===== RECORD EXCERPTS =====

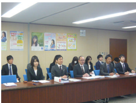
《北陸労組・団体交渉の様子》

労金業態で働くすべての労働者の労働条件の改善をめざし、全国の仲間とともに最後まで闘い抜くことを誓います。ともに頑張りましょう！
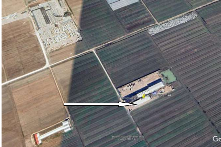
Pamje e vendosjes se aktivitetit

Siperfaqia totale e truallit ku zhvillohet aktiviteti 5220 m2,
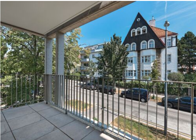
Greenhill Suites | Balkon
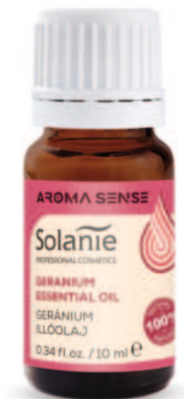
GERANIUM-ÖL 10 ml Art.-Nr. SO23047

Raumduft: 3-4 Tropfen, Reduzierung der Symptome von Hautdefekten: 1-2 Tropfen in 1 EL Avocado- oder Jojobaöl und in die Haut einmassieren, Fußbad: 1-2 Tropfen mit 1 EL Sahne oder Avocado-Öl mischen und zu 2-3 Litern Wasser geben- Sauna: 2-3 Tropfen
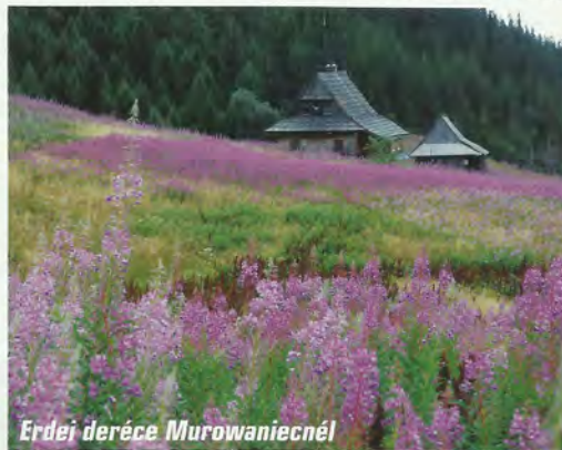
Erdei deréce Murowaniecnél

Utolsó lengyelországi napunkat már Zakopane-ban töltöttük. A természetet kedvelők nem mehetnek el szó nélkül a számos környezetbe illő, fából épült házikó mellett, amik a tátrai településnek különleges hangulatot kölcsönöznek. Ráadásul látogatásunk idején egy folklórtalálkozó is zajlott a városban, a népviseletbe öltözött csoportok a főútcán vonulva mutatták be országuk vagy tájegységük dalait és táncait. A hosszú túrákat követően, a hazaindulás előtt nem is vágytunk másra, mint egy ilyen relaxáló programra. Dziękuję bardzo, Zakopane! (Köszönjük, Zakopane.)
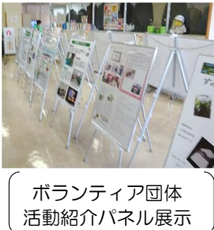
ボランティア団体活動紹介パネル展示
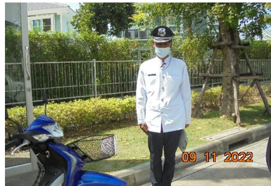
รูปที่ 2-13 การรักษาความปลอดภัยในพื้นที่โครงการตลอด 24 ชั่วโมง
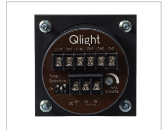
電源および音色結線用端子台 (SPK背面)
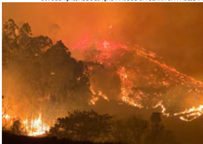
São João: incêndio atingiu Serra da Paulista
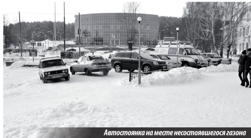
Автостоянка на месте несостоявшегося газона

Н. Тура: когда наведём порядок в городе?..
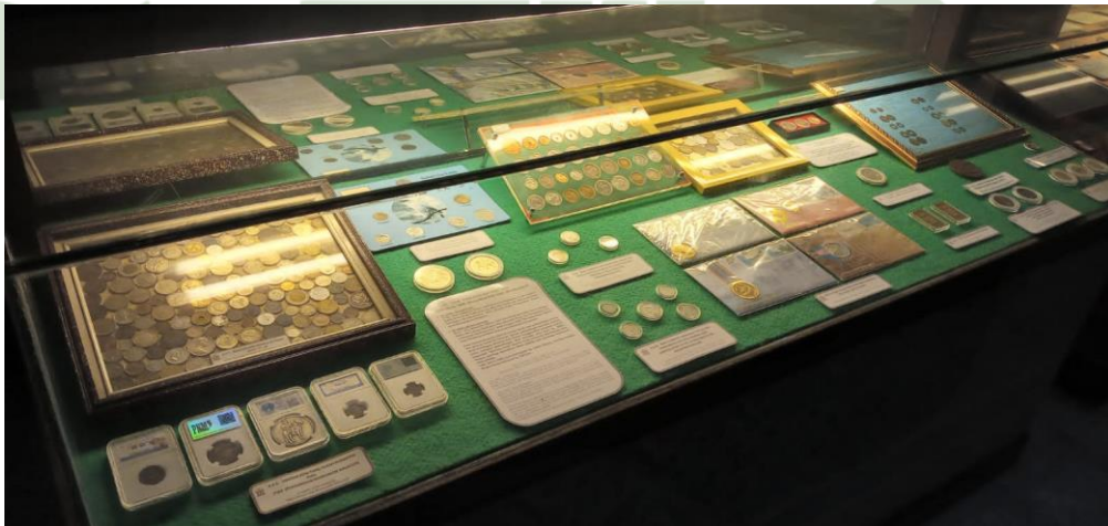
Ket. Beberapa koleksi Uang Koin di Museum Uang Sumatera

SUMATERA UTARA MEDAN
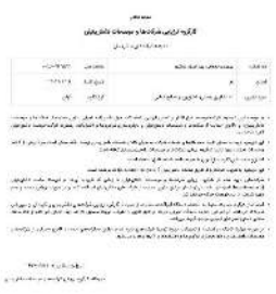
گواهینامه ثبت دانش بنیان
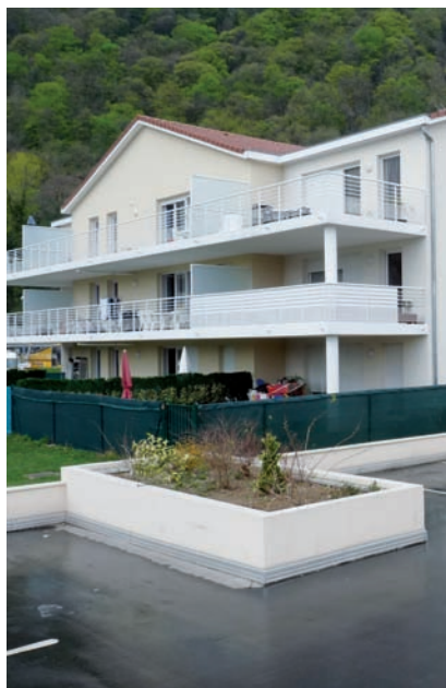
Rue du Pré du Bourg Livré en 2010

=====

Could you retype every line above exactly as it appears, skipping the pictures?

◆ WRITTEN SOLUTION
《北陸労組・団体交渉の様子》

労金業態で働くすべての労働者の労働条件の改善をめざし、全国の仲間とともに最後まで闘い抜くことを誓います。ともに頑張りましょう！
Pamje e vendosjes se aktivitetit

Siperfaqia totale e truallit ku zhvillohet aktiviteti 5220 m2,
Greenhill Suites | Balkon
GERANIUM-ÖL 10 ml Art.-Nr. SO23047

Raumduft: 3-4 Tropfen, Reduzierung der Symptome von Hautdefekten: 1-2 Tropfen in 1 EL Avocado- oder Jojobaöl und in die Haut einmassieren, Fußbad: 1-2 Tropfen mit 1 EL Sahne oder Avocado-Öl mischen und zu 2-3 Litern Wasser geben- Sauna: 2-3 Tropfen
Erdei deréce Murowaniecnél

Utolsó lengyelországi napunkat már Zakopane-ban töltöttük. A természetet kedvelők nem mehetnek el szó nélkül a számos környezetbe illő, fából épült házikó mellett, amik a tátrai településnek különleges hangulatot kölcsönöznek. Ráadásul látogatásunk idején egy folklórtalálkozó is zajlott a városban, a népviseletbe öltözött csoportok a főútcán vonulva mutatták be országuk vagy tájegységük dalait és táncait. A hosszú túrákat követően, a hazaindulás előtt nem is vágytunk másra, mint egy ilyen relaxáló programra. Dziękuję bardzo, Zakopane! (Köszönjük, Zakopane.)
ボランティア団体活動紹介パネル展示
รูปที่ 2-13 การรักษาความปลอดภัยในพื้นที่โครงการตลอด 24 ชั่วโมง
電源および音色結線用端子台 (SPK背面)
São João: incêndio atingiu Serra da Paulista
Автостоянка на месте несостоявшегося газона

Н. Тура: когда наведём порядок в городе?..
Ket. Beberapa koleksi Uang Koin di Museum Uang Sumatera

SUMATERA UTARA MEDAN
گواهینامه ثبت دانش بنیان
Rue du Pré du Bourg Livré en 2010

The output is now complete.